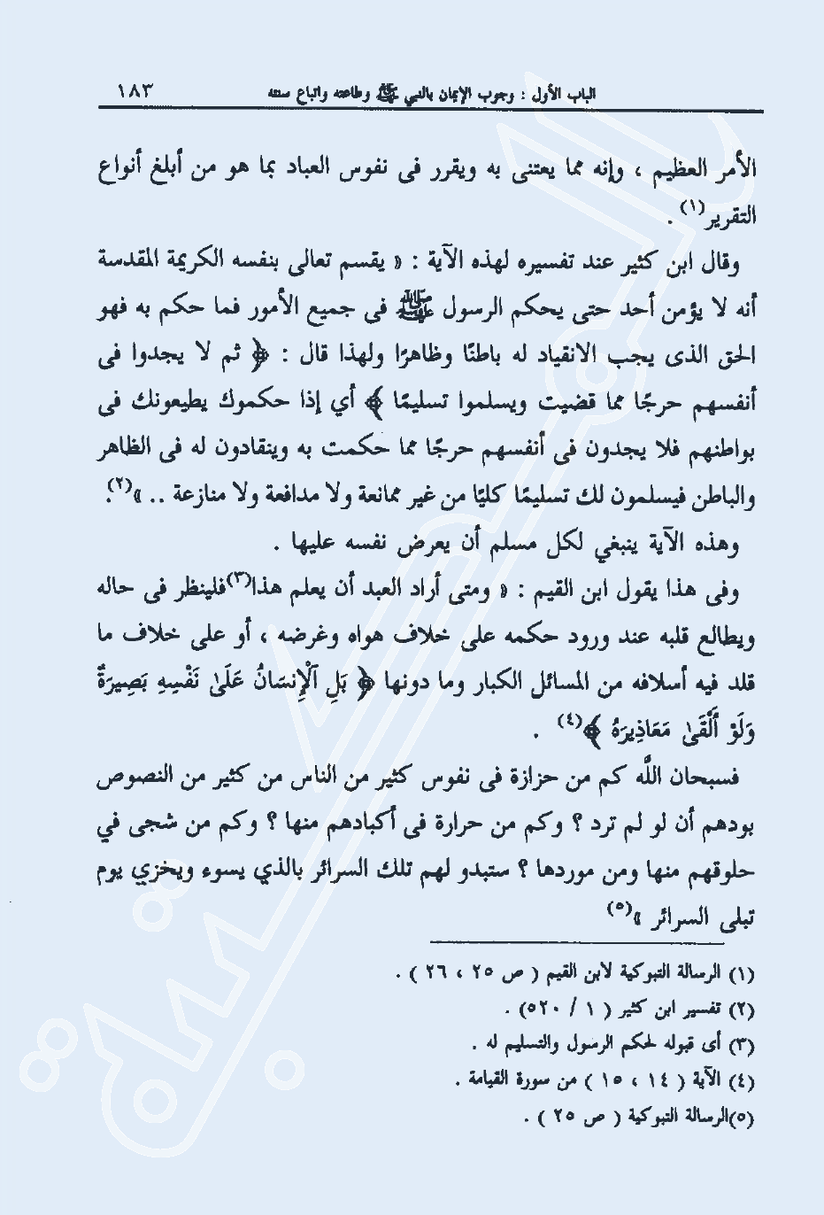 وقال ابن كثير عند تفسيره لهذه الآية: "يقسم تعالى بنفسه الكريمة المقدسة أنه لا يؤمن أحد حتى يحكم الرسول صلى الله عليه وسلم في جميع الأمور فما حكم به فهو الحق الذي يجب الانقياد له باطنا وظاهرا ولهذا قال: {ثُمَّ لا يَجِدُوا فِي أَنْفُسِهِمْ حَرَجاً مِمَّا قَضَيْتَ وَيُسَلِّمُوا تَسْلِيماً} أي إذا حكموك يطيعونك في بواطنهم فلا يجدون في أنفسهم حرجا مما حكمت به وينقادون له في الظاهر والباطن فيسلمون لك تسليما كليا من غير ممانعة ولا مدافعة ولا منازعة ... "2.
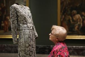 (250926) -- MILAN, 26 septiembre, 2025 (Xinhua) -- Imagen del 25 de septiembre de 2025 de una mujer observando una creación exhibida en la exposición "Giorgio Armani: Milano, per amore" en la Pinacoteca de Brera, en Milán, Italia. Más de 120 creaciones de Armani/Archivio son exhibidas entre las pinturas de la Pinacoteca de Brera desde el 24 de septiembre de 2025 hasta el 11 de enero de 2026, para honrar la trayectoria estilística del diseñador de moda italiano Giorgio Armani, fallecido el 4 de septiembre de 2025. (Xinhua/Li Jing) (oa) (ra)
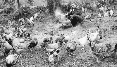 在江西宜春市一養殖場,工作人員正在給土雞喂食天然食料。鄒海斌攝(人民圖片)
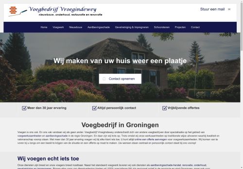 Voegbedrijf Vroegindewey heeft meer dan 30 jaar ervaring op het gebied van voegen, reiningen, het herstellen van (aardbevings)schades en meer. Wij komen altijd vrijblijvend bij u langs om een offerte op te maken!
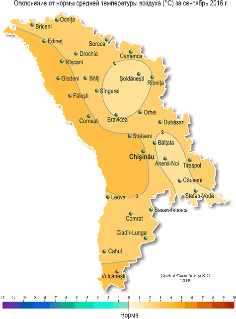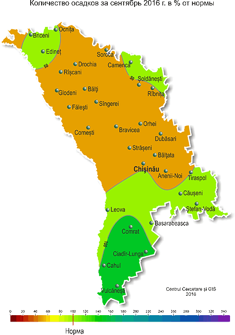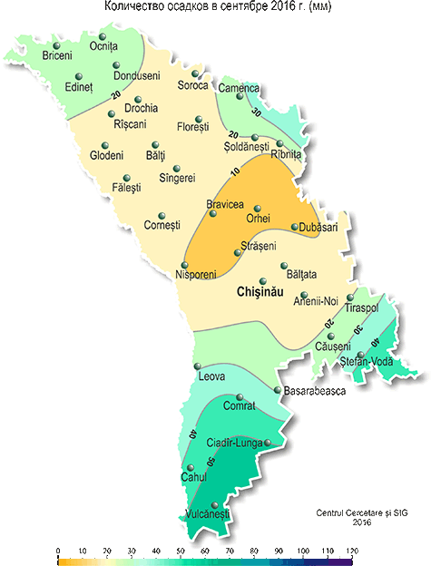 В сентябре на территории республики наблюдалась теплее обычного с недобором осадков погода. Средняя за месяц температура воздуха была на 2-3°С выше нормы и составляла +17,0.. +19,3°С, что отмечается в среднем один раз в 5 лет. Максимальная температура воздуха повышалась до +34°С (МС Тираспол, Чадыр-Лунга), что в сентябре отмечается в среднем один раз в 10 лет. Число дней с температурой воздуха ≥ +30°С составило по территории 5-13 (при норме за месяц 1-2 дня). Минимальная температура воздуха понижалась до +3°С (МС Бричень). Заморозки на высоте 2 см от поверхности почвы интенсивностью до -1°С отмечались местами 22 сентября (МС Бэлцата, Бравича) и 28 сентября (МС Бравича). Заморозки такой интенсивности в это время отмечаются в среднем один раз в 10 лет. Устойчивый переход средней суточной температуры воздуха через +15°С в сторону более низких значений, характеризующий окончание метеорологического лета, произошел 18-20 сентября, что в основном в сроки, близкие к обычным. В сентябре наблюдался значительный недобор осадков на большей части территории. Сумма осадков за месяц на 80% территории республики составляла 6-30 мм (15-70% нормы), и лишь в отдельных южных районах – 40-60 мм (80-130% нормы). Погодные условия сентября были в основном удовлетворительными для созревания плодовых культур и накопления сахара у винограда. Однако из-за низких запасов продуктивной влаги в почве, сложились неблагоприятные условия для подготовки почвы и проведения сева озимых культур в оптимальные сроки на большей части территории республики. По состоянию на 28 сентября запасы продуктивной влаги под зябью (на стерне) на 60% обследованной территории в пахотном слое почвы были низкими и составляли 4-12 мм (20-55% нормы), на остальной территории, преимущественно в южной половине, они составляли 14-30 мм (70-115% нормы). В метровом слое почвы на 60% территории запасы продуктивной влаги в почве составляли в основном 17-60 мм (15-65% нормы), местами – 70-110 мм (80-120% нормы). В течение месяца в хозяйствах республики убирали подсолнечник, кукурузу, сахарную свеклу, овощные и плодовые культуры, виноград. Отдельные хозяйства, преимущественно южной половины республики, где запасы влаги в почве были удовлетворительными, проводили сев озимых культур в конце сентября. По состоянию на 28 сентября запасы продуктивной влаги под многолетними насаждениями в метровом слое почвы на большей части территории республики составляли 25-45 мм (35-65% нормы), местами – 55-105 мм (75-150% нормы).

-=-=-

### PROMPT
Reproduce exactly the lines above that run from the one with "(250926) -- MILAN, 26" to the one with "在江西宜春市一養殖場,工作人員正在給土雞喂食天然食料。鄒海斌攝(人民圖片)", both included, leaving pictures out.

### RESPONSE
 (250926) -- MILAN, 26 septiembre, 2025 (Xinhua) -- Imagen del 25 de septiembre de 2025 de una mujer observando una creación exhibida en la exposición "Giorgio Armani: Milano, per amore" en la Pinacoteca de Brera, en Milán, Italia. Más de 120 creaciones de Armani/Archivio son exhibidas entre las pinturas de la Pinacoteca de Brera desde el 24 de septiembre de 2025 hasta el 11 de enero de 2026, para honrar la trayectoria estilística del diseñador de moda italiano Giorgio Armani, fallecido el 4 de septiembre de 2025. (Xinhua/Li Jing) (oa) (ra)
 在江西宜春市一養殖場,工作人員正在給土雞喂食天然食料。鄒海斌攝(人民圖片)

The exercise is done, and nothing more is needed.